The generated plot displays all specified loss components on a single set of axes, making it easy to compare their trends and magnitudes throughout the training process.

---

Hydraulic Head Visualization (plot_hydraulic_head)

API Reference:

plot_hydraulic_head()

This is a specialized utility for visualizing the output of PINNs that solve for a 2D spatial field, such as the PiTGWFlow model. It takes a trained model and a specific point in time, \(t\), and generates a contour plot of the learned hydraulic head solution, \(h(x, y)\).

Key Parameters Explained

• `model`: The trained PINN model that you want to visualize. It must have a .predict() method that accepts a dictionary of coordinates.

• `t_slice`: A single float value representing the time at which you want to see the spatial solution.

• x_bounds, y_bounds, resolution: These parameters define the visualization domain and the quality of the plot. The function will create a grid of resolution x resolution points within these spatial bounds.

• `ax`: This powerful optional parameter allows you to pass a pre-existing Matplotlib Axes object. This is perfect for creating complex figures with multiple subplots, such as comparing the solution at different times side-by-side.

Usage Example

This example shows how to visualize the output of a mock PINN model.

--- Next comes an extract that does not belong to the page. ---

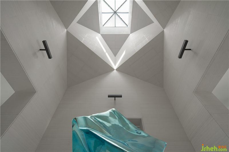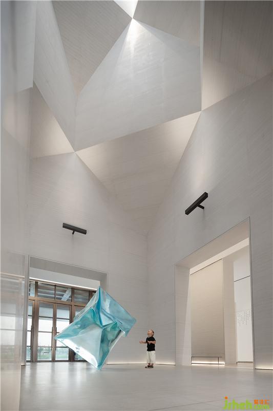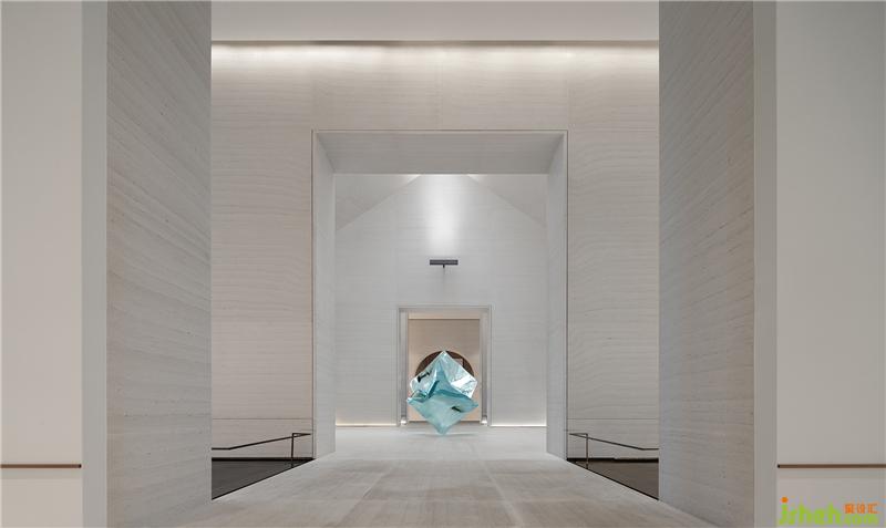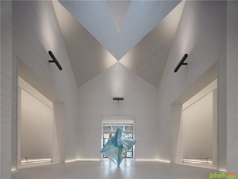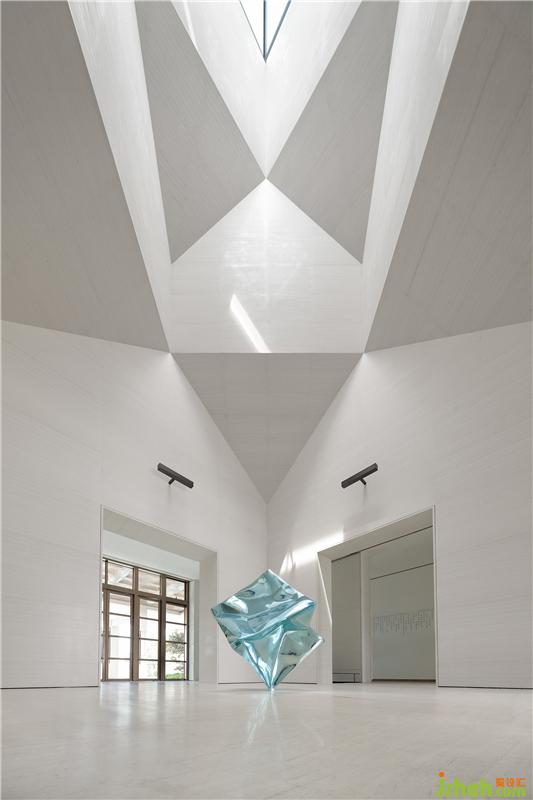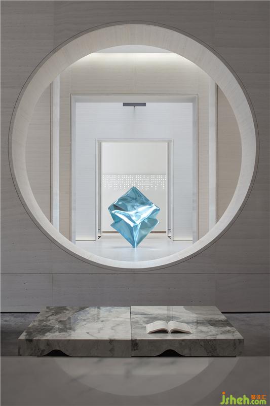 而位于空間正中、凝聚藝術(shù)氣息的藍(lán)色雕塑《檐合》,出自藝術(shù)家張齊努之手,與古建筑屋檐元素形成語言共鳴,一舊一新的文化碰撞,創(chuàng)造豐富的空間審美體驗(yàn)。
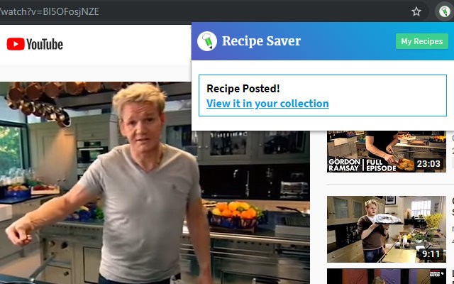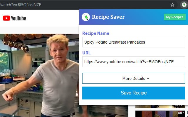 只需单击扩展程序的按钮即可抓取当前选项卡的食谱,然后单击“保存食谱”将其发送到您的 RecipeSaver.me 帐户!

In a real scenario, you would pass your trained PiTGWFlow model.

import tensorflow as tf
from fusionlab.nn.pinn.utils import plot_hydraulic_head

# Create a mock model for demonstration purposes.
# This model implements a simple analytical function.
class MockPINN(tf.keras.Model):
    def call(self, inputs):
        t, x, y = inputs['t'], inputs['x'], inputs['y']
        return tf.sin(np.pi * x) * tf.cos(np.pi * y) * tf.exp(-t)

mock_model = MockPINN()

# --- Generate a single plot of the solution at t=0.2 ---
plot_hydraulic_head(
    model=mock_model,
    t_slice=0.2,
    x_bounds=(-1, 1),
    y_bounds=(-1, 1),
    resolution=80,
    title="Hydraulic Head Solution at t=0.2"
)

This code will generate a 2D contour plot showing the spatial distribution of the hydraulic head at the specified time.

Expected Output:

A 2D contour plot showing the spatial distribution of the hydraulic head. The color indicates the value of :math:h at each :math:(x, y) coordinate for the specified time slice.